The information below is based on the Report of the Secretary-General to the Security Council (A/69/926–S/2015/409) issued on 5 June 2015.

Pakistan continued to face significant security challenges, posed in particular by armed groups and extremist groups, with schools being particularly targeted. Hundreds of civilians were killed or injured in dozens of attacks. In response, the Government launched a major offensive in North Waziristan in June to reduce the capacity of armed groups to strike within the country. In one of the most alarming incidents of the reporting period, on 16 December, nine gunmen stormed the Army Public School in Peshawar, firing on pupils and staff indiscriminately, and utilizing improvised explosive devices and hand grenades to maximize casualties. At least 132 boys, as young as 8 years of age, and several teachers and other staff members were killed. At least 133 persons were injured, the vast majority of them children. The Tehrik-i-Taliban Pakistan (TTP) claimed responsibility for the assault, stating that it was an act of revenge for the ongoing offensive in North Waziristan.

Although exact figures of child casualties were not always available, sectarian violence and hundreds of indiscriminate attacks, including by improvised explosive devices and suicide bombers, continued to affect children in several areas, with Baluchistan and Khyber Pakhtunkhwa Provinces most affected. In February, for example, in Peshawar, a suicide bomb in the crowded Koocha Risaldar area near Qissa Khawani bazaar reportedly killed 10 persons, the majority of whom were women and children, and injured 48 others.

Armed groups continued to regularly attack educational institutions. At least 40 secular schools were reportedly attacked, mainly in Khyber Pakhtunkhwa province, the Federally Administered Tribal Areas and in Balochistan Province. In January, for example, a suicide bomber reportedly blew himself up outside the gates of a school in Hangu, Khyber Pakhtunkhwa province, killing a 14-year-old boy who was trying to prevent the attacker from entering the school. In February, an improvised explosive device exploded outside school gates in Karak, Khyber Pakhtunkhwa Province, reportedly injuring 13 children and the school principal. In the wake of the December 16 attack on the Army Public School in Peshawar, all educational institutions across Pakistan were closed for a period of three to four weeks, thereby disrupting education.

Attacks on polio workers by TTP-affiliated and other armed elements continued unabated in 2014, resulting in the killing of at least nine such workers and several police and security personnel providing escorts for the conduct of polio campaigns. For example, in January, three persons were reportedly killed and two others injured by four armed elements in Karachi. In Balochistan, on 26 November, four polio workers, including three women, were reportedly shot dead and three other members of the polio vaccination team were wounded by two gunmen on a motorcycle. On 9 December, in Faisalabad, Punjab, a schoolteacher volunteering in a polio vaccination campaign was reportedly shot by armed elements on a motorcycle. The Taliban splinter faction Jundullah claimed responsibility for the attack.

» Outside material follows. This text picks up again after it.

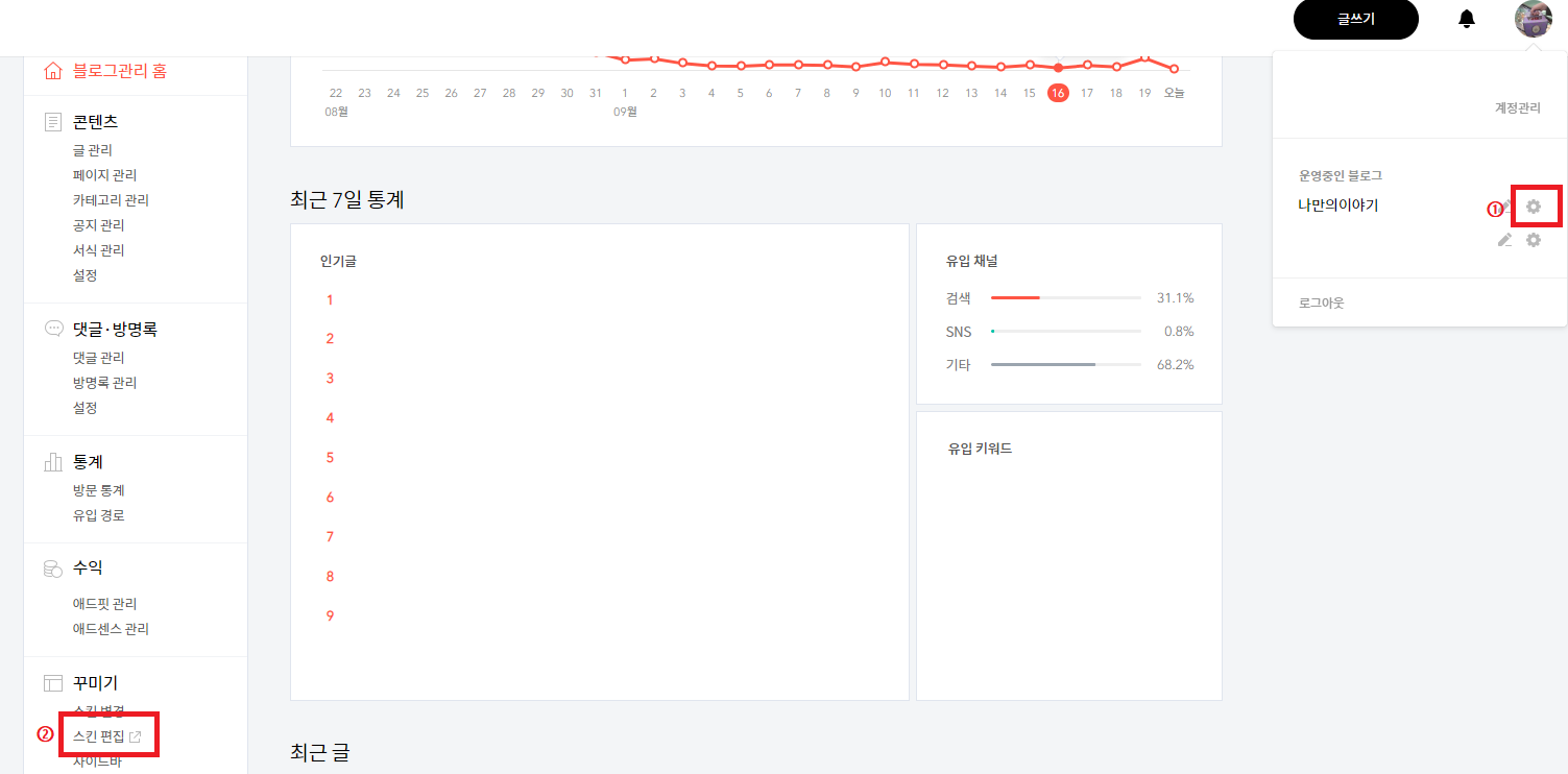 티스토리 '스킨 편집' 들어가시는 방법은 대부분 다 아실 겁니다. 관리로 바로 들어가셔도 되고, 저처럼 오른쪽 상단에 프로필 사진을 누르면 톱니바퀴 모양을 누르고 스킨 편집 들어가는 방법이 있으니 참고하셔서 스킨 편집으로 들어가 주세요.

Interaction on child protection between the United Nations and the Pakistani authorities continued throughout 2014. For example, with United Nations support, the Government of Gilgit-Baltistan approved a comparatively substantial budgetary allocation for the establishment of child protection services. One area of concern is the reports of detention of children for alleged association with armed groups a nd on national security charges. In January 2015, the Parliament of Pakistan passed a constitutional amendment on the establishment of military courts for a duration of 24 months, wherein civilian suspects accused of acts of terrorism will be tried. Military courts are inappropriate forums for hearing cases involving children since they do not fully recognize the special status of juveniles in conflict with the law. I urge the Government to ensure that any children arrested for their alleged associated with armed groups or under security charges are treated primarily as victims. In all circumstances children are entitled to benefit from the special status of juvenile in conflict with the law in conformity with international human rights law.